Boxes of stuff!

Image by cupcakecozy via flickr

Image by cupcakecozy via flickr

Why are monthly deliveries of surprise assortments of stuff in boxes all the rage suddenly?  Is there any OTHER way you could deliver a bunch of stuff to my door?  A padded envelope, I suppose.  But seriously, my Facebook wall has been barraged lately with monthly box-oriented subscription offers.

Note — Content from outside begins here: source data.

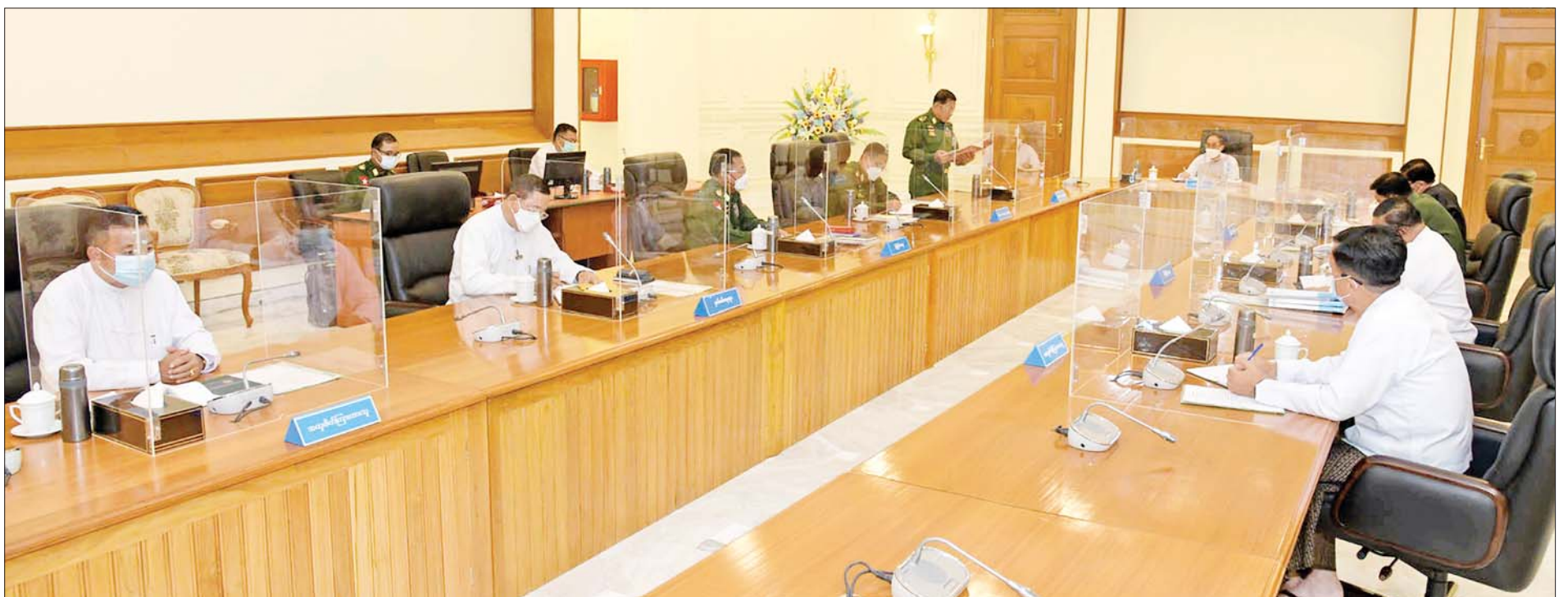
ပြည်ထောင်စုသမ္မတမြန်မာနိုင်ငံတော် အမျိုးသားကာကွယ်ရေးနှင့်လုံခြုံရေးကောင်စီအစည်းအဝေး(၂/၂၀၂၂) ကျင်းပစဉ်။
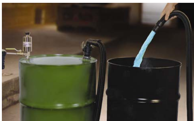
Reversible Drum Vac Standard 6196

Costruite in acciaio inox, funzionano solo ad aria compressa, trovano il loro principale impiego per il veloce travaso di liquidi da fusti e vasche e viceversa.
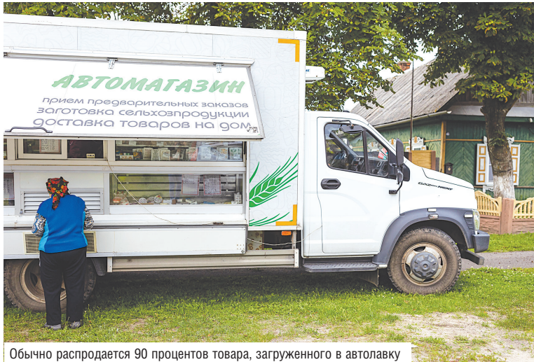
Обычно распродается 90 процентов товара, загруженного в автолавку
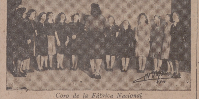
Coro de la Fábrica Nacional
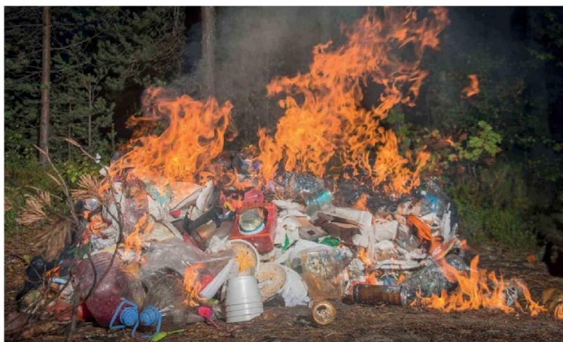
DOS INCENDIOS REGISTRADOS este domingo en microbasurales de Los Ángeles reabrieron la preocupación por los focos ilegales de basura y sus riesgos sanitarios.

Dos emergencias registradas en el sector María Dolores y en el vertedero de Laguna Verde encendieron las alarmas sobre la acumulación de desechos en zonas habitadas. Aunque el Cuerpo de Bomberos logró controlar las llamas, médicos y autoridades advierten la urgencia de erradicar estos focos que actúan como "bombas de tiempo" en el plano sanitario.
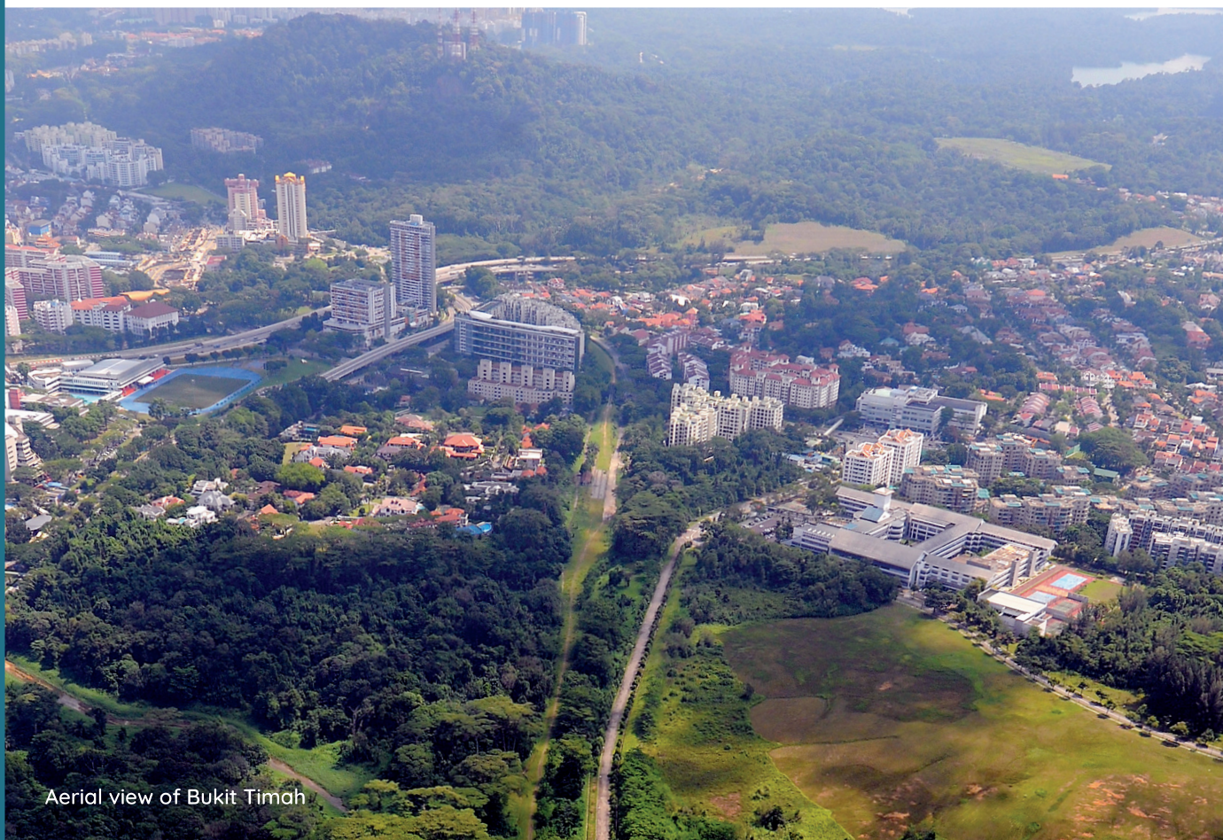
Aerial view of Bukit Timah

Bandar-bandar kita dirancang agar lengkap dan sesuai untuk didiami, dengan kemudahan kedai, pusat kesihatan, sekolah, prasarana masyarakat dan taman. Pusat-pusat komersial, estet-estet perindustrian dan taman-taman perniagaan di dalam lingkungan atau berhampiran kawasan bandar juga menyediakan peluang pekerjaan untuk penduduk setempat. Perancangan terperinci dan pelaksanaan pelan untuk setiap bandar merupakan satu usaha bersama pelbagai agensi pemerintah.
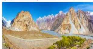
หุบเขาพาสส์ (Passu Valley)

*ที่พัก Passu : Sarai Silk Route Hotel หรือเทียบเท่า
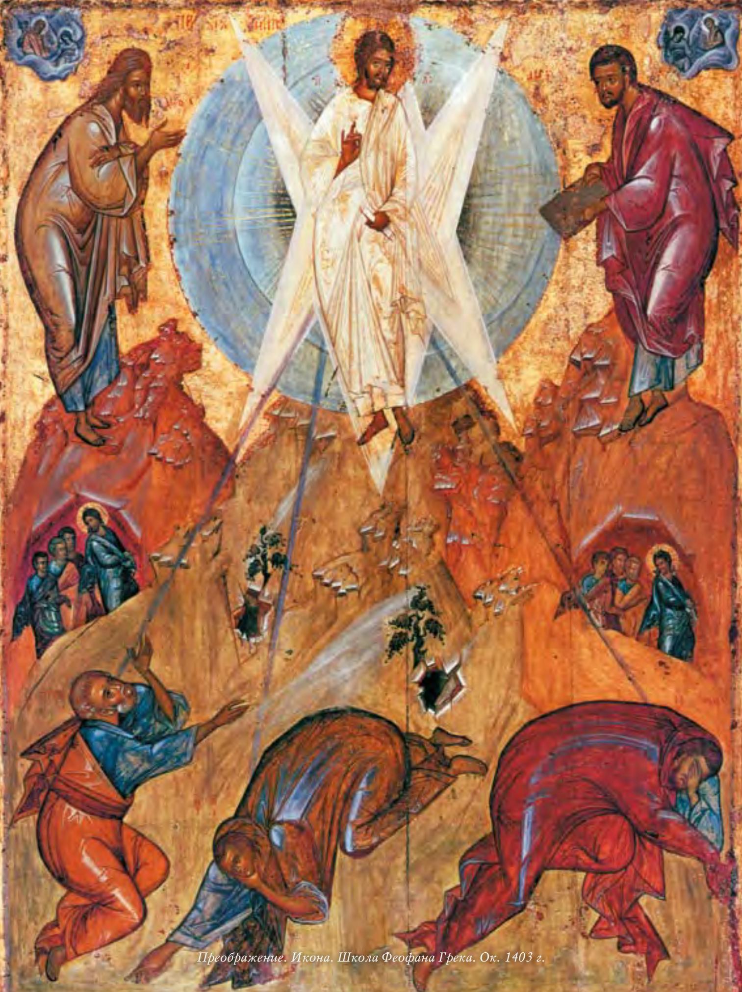
Преображение. Икона. Школа Феофана Грека. Ок. 1403 г.

My first foray into the subscription to unspecified stuff delivery services was by claiming a Facebook offer for NatureBox.  For $20, they will deliver a box of assorted healthy snacks to your door, once a month.  There were 5 items in each box so far, making for $4 bags of snacks of the type one would find in the organics section of the local grocery store… for about $4 each.  So it’s not a horrible value, per se.  I only cancelled this one because by the time I got the second box, we hadn’t finished the contents of the first box, and probably weren’t going to.  We have a tendency to do that at my house, buy a resealable bag of trail mix, turkey jerky, or perhaps granola, eat the majority of it, but then sort of forget about it after that.  It’ll sit on the shelf till I declare defeat, and throw it away to make room for the next resealable bag of seasoned almonds or whatever.  That’s not really NatureBox’s fault, but from a product marketing standpoint, it is their problem.

Anyway, NatureBox wasn’t bad at all, I give them a thumbs-up, but they had the unfortunate luck of billing me when I was in one of my “cancel all the things!” money-saving phases.  You know, it’d make a really great gift for someone.  That might be a much better target for the subscription things in a box companies; say, a 6-month subscription one could give as a gift.  Mind you, that’s $120, a pretty hefty gift level for a bunch of snacks.

Blue Apron suffers from the same sticker shock value perception problem.  For $60/week, they will send you all the ingredients and recipes to make three meals per week for 2 people.  It breaks down to $10 per person per meal.  For a healthy meal that has been pre-planned and pre-shopped for, that’s actually pretty good.  I almost signed up for this one.  But then the $240/month price tag calculation hits you (and I was in “save all the monies!” mode at the time).  When you say it like that, it sounds like a TON of money!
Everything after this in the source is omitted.